Figure 7. Force applied to E-cadherin triggers reinforcement feedback loops whereas force applied to P-cadherin does not

(a) Experimental setup: magnetic beads coated with E-cadherin or P-cadherin were attached to the apical surface of MCF10A monolayers and subjected to a series force pulses using magnetic tweezers. (b) Representative examples of bead displacements for P-cadherin-coated beads bound to control cells (red), E-cadherin-coated beads bound to control cells (blue), and P-cadherin-coated beads bound to siEcad cells (green). (c) Relative stiffening of the cell-bead contact for P-cadherin-coated beads bound to control cells (red, n=22 beads pooled from 9 independent wells), E-cadherin-coated beads bound to control cells (blue, n=26 beads pooled from 9 independent wells), and P-cadherin-coated beads bound to cells depleted of E-cadherin (green, n=23 beads pooled from 9 independent wells). (d) Relative stiffening of the junction between cells and beads coated with E-cadherin in response to oscillatory forces of amplitude 0.25 nN (purple, n=22 beads pooled from 9 independent wells), 0.5 nN (blue, n=20 beads pooled from 9 independent wells) and 1 nN (red, n=13 beads pooled from 9 independent wells). (e) Relative stiffening of the junction between cells and beads coated with P-cadherin in response to oscillatory forces of amplitude 0.25 nN (purple, n=16 beads pooled from 9 independent wells), 0.5 nN (blue, n=16 beads pooled from 9 independent wells) and 1 nN (red, n=15 beads pooled from 9 independent wells). (f) Relative stiffening of the junction between cells and beads coated with E-cadherin (blue) and P-cadherin (red) using coating solutions of 2 μg/ml (open symbols) or 20 μg/ml (filled symbols). (g) Stiffening rate (slope of curves in panel f) of the cell-bead contact. (h) Initial stiffness of the cell bead contact. In c-h data are represented as mean+SEM. * indicates p<0.05, *** indicates p<0.001 (Mann-Whitney Rank Sum t-test). n.s. indicates non-significant comparisons. In (f-h) n=17 beads pooled from 6 independent wells for Ecad 20μg/ml; n=16 beads pooled from 6 independent wells for Ecad 2μg/ml; n=16 beads pooled from 6 independent wells for Pcad 20μg/ml; n=17 beads pooled from 6 independent wells for Pcad 2μg/ml. (i) Staining of E-cadherin, P-cadherin, and F-actin (phalloidin) under control conditions and (j) after E-cadherin knock down. Scale bar, 20 μm (a, i-j).

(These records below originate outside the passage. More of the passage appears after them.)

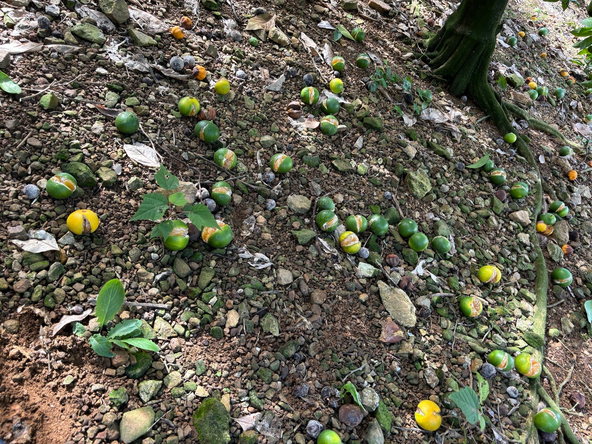 カメムシ被害、裂果で落下してしまったみかんもあります。
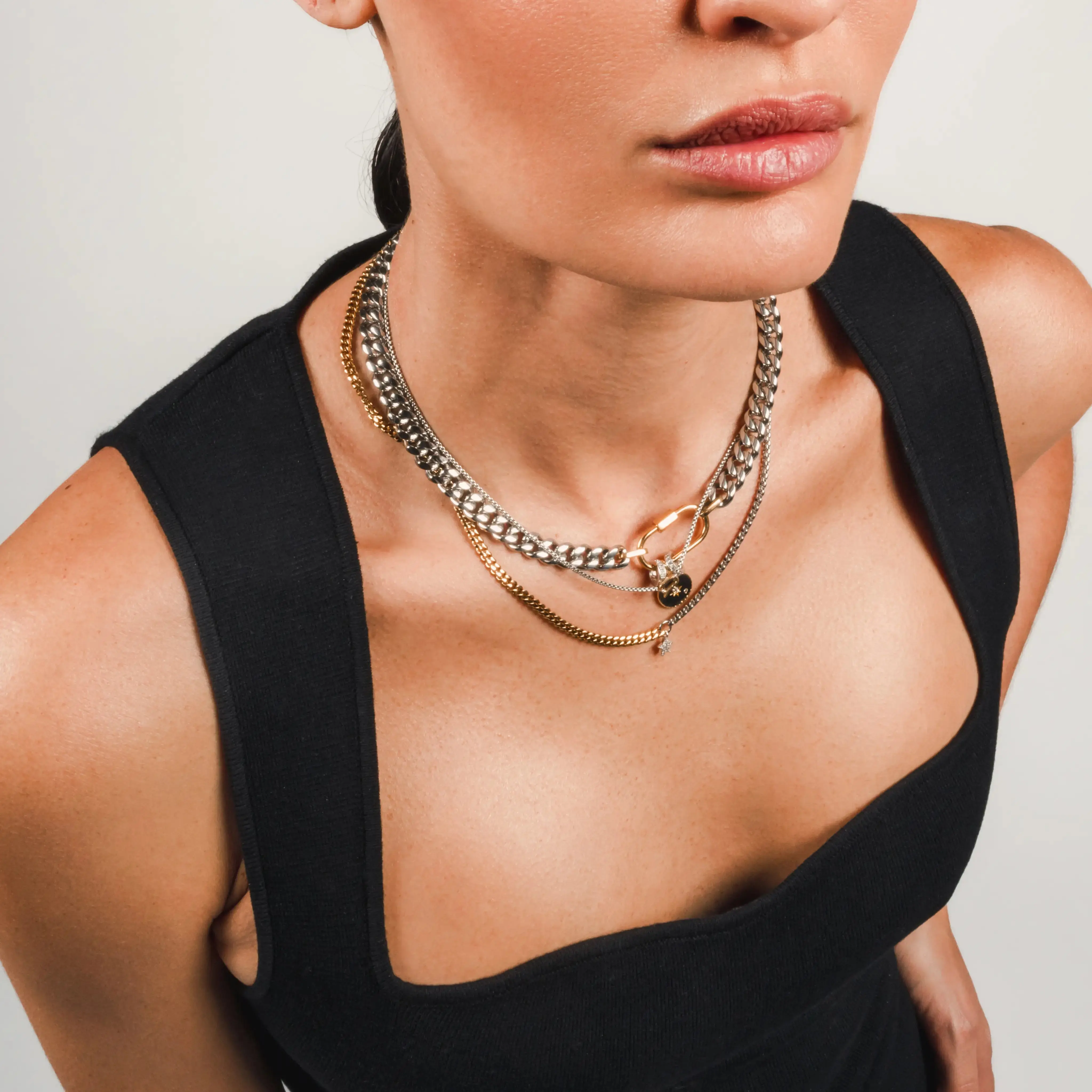 ·Rhodium Plated Stainless Steel with 18K Gold Plated Stainless Steel Sleek Carabiner Clasp with charms-
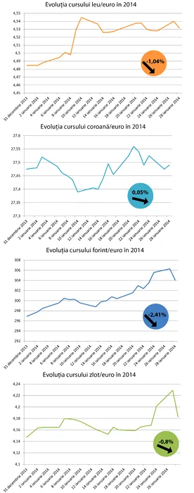 Evoluția leului la începutul lui 2014, cea mai slabă din ultimii patru ani. Cum s-au descurcat monedele din regiune
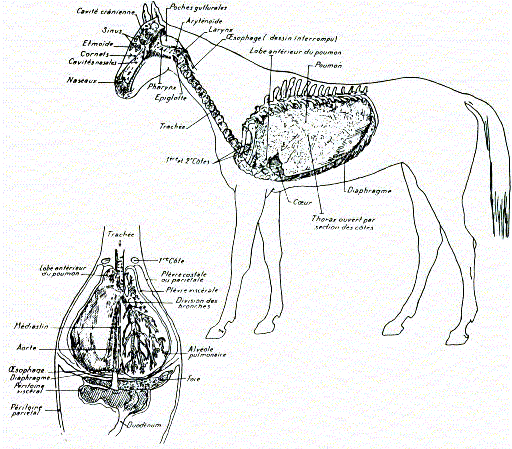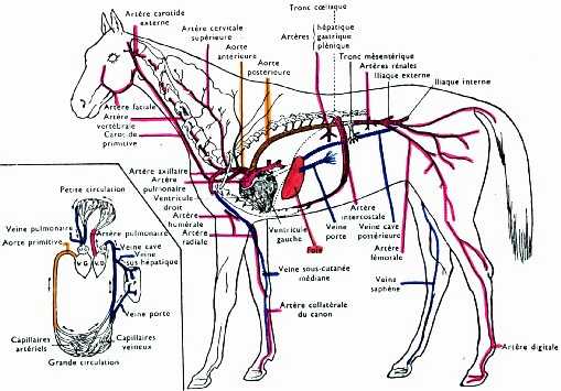 et ventricule gauche et droite). Le cœur, chez le cheval de taille moyenne, est de 26 cm de diamètre et pèse environ 3 kg ; il est situé dans la partie antérieure
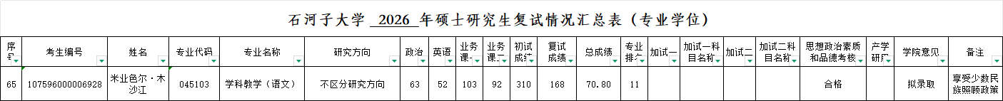 石河子大学文学艺术学院2026年研究生复试结果公示(一志愿递补录取)
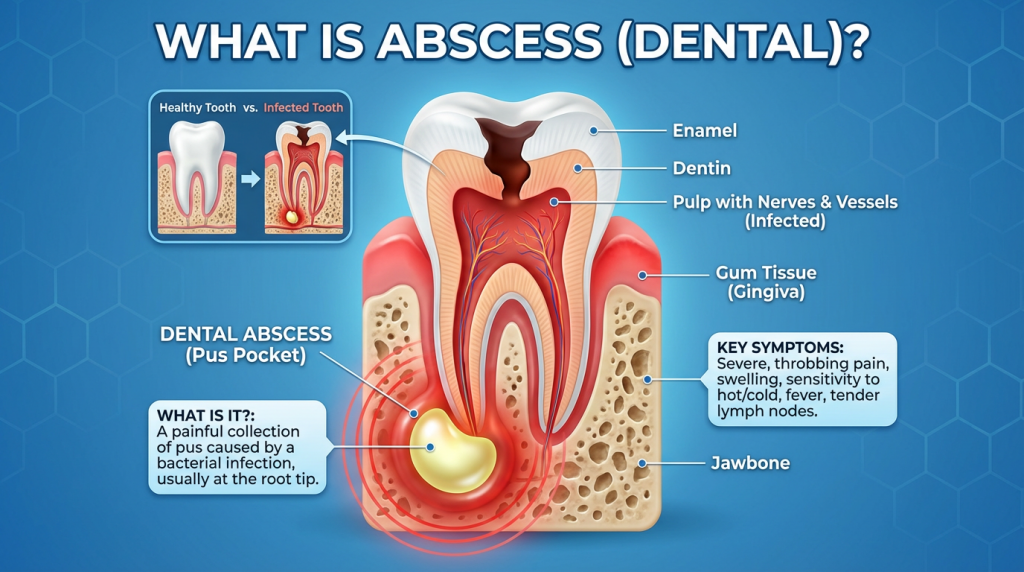An Abscess (Dental) is a pus-filled pocket that forms when bacteria infect the tooth pulp or the periodontal tissues surrounding a tooth. There are two common types — a periapical abscess at the tip of a root and a periodontal abscess in the gums — and both can cause intense, throbbing pain, visible swelling, a bad taste or odor in the mouth, sensitivity to hot or cold, and sometimes fever or swollen lymph nodes if the infection extends beyond the local area.
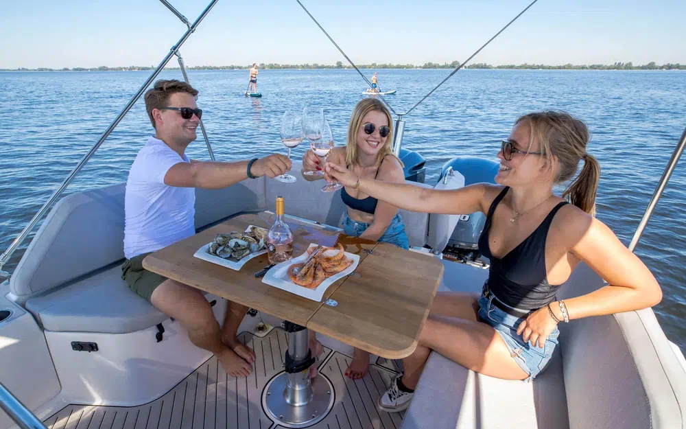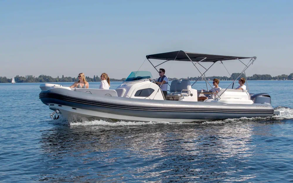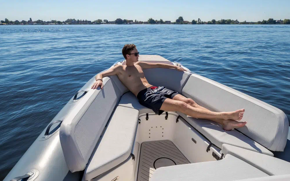 Le navire amiral Zodiac avec sa taille XXL, il a été conçu comme un studio haut de gamme. Pas envie de rentrer au port le soir après une journée riche en émotions? On vous comprend, heureusement, on a pensé à la couchette optionnelle dans la cabine ! Un espace de détente infini pour des journées inoubliables… Double carré avant et arrière, transformables en bain de soleil, jusqu’à 14 places assises en équipement standard. Il dispose d'une cuisine intégrée avec évier, d'une console intégrant une cabine habitable avec toilettes (espace couchette en option), d'un bolster triple positions pouvant accueillir jusqu’à deux adultes + un enfant, et des plateformes d’accès arrière à la mer et un davier plongeoir à l’avant.
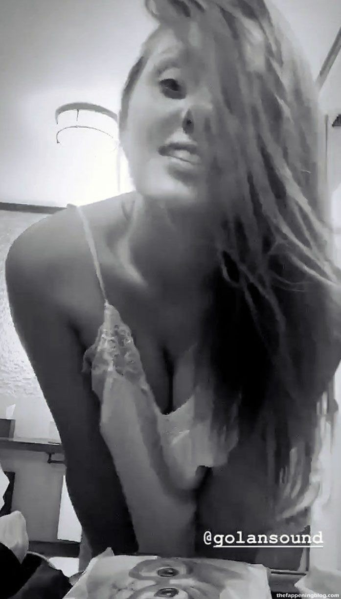 Alright, guys, so here is a clip of miss Alexandra Stan! She shared this clip of her singing! But, even though that she was naked, she thought no one would notice because she was filming only her face! Luckily for us, she seemed to forget it, so we had a brief viewing of her tits and hard nipples! She also noticed it soon, and she took the video down, but we managed to get it saved by then!
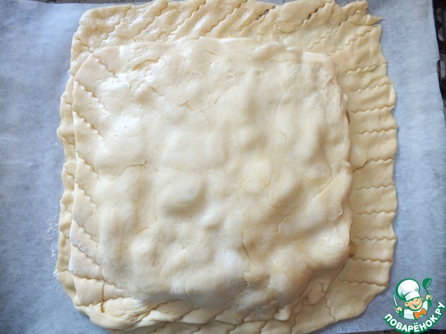 Сверху накрыть вторым раскатанным пластом. У меня получилось немного кривовато. Края пирога разрезать на полоски
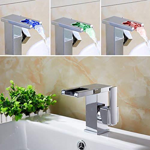 Fenteer カラフル 3色 LED 蛇口 洗面器 キッチン 浴室 水タップ 水の量 調整可能
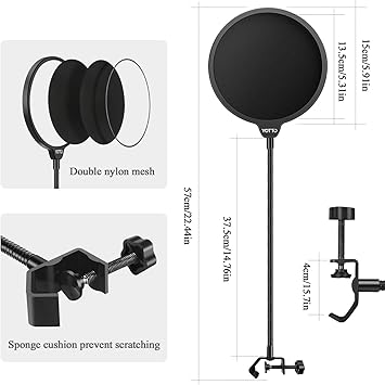 【特別設計のユニークなクランプ】-調節可能なグースネックとホルダー、ホルダーとネジの間のネジ接続穴にアップグレードされた厚みのあるデザインを採用し、剛性を高めています。 YOTTOは、強力で安定したクランプを備えたプロフェッショナルなポップスクリーンを設計し、ポップフィルターの自重による回転やフロップを完全に防止する市場で唯一の会社です。

Figure 8. Vinculin is involved in mechanotransduction through P-cadherin and E-cadherin

(a) Phase contrast image (left) and staining (right) of vinculin (Vcl) after force application at the contact between control cells and beads coated with E-cadherin. (b) Phase contrast image (left) and staining (right) of vinculin after force application at the contact between control cells and beads coated with P-cadherin. (c) Phase contrast image (left) and staining (right) of vinculin (Vcl) after force application at the contact between cells depleted of E-cadherin and beads coated with P-cadherin. (d) Vinculin recruitment at the cell-bead contact for E-cadherin-coated beads bound to control cells (blue, n=25 beads pooled from 12 independent wells), P-cadherin coated beads bound to control cells (red, n=28 beads pooled from 12 independent wells) and P-cadherin coated beads bound to cells depleted of E-cadherin (green, n=20 beads pooled from 9 independent wells). Data are presented as mean ± SEM (normalized to Vcl recruitment in E-cadherin-coated beads bound to control cells) (e) Relative stiffening at the end of bead pulling assays (180 s). Beads were coated with P-cadherin (blue) or E-cadherin (red). In e, n=26 beads pooled from 9 independent wells for siCT/Ecad beads; n=22 beads pooled from 9 independent wells for siVcl/Ecad beads; n=22 beads pooled from 9 independent wells for siCT/Pcad beads; n=23 beads pooled from 9 independent wells for siEcad/Pcad beads; n=36 beads pooled from 9 independent wells for siEcad/siVcl/Pcad beads. Data are represented as mean+SEM. * indicates p<0.05, *** indicates p<0.001 when compared with siCT. n.s. indicates non-significant comparisons (Mann-Whitney Rank Sum t-test). Scale bar, 10 μm (a,b,c).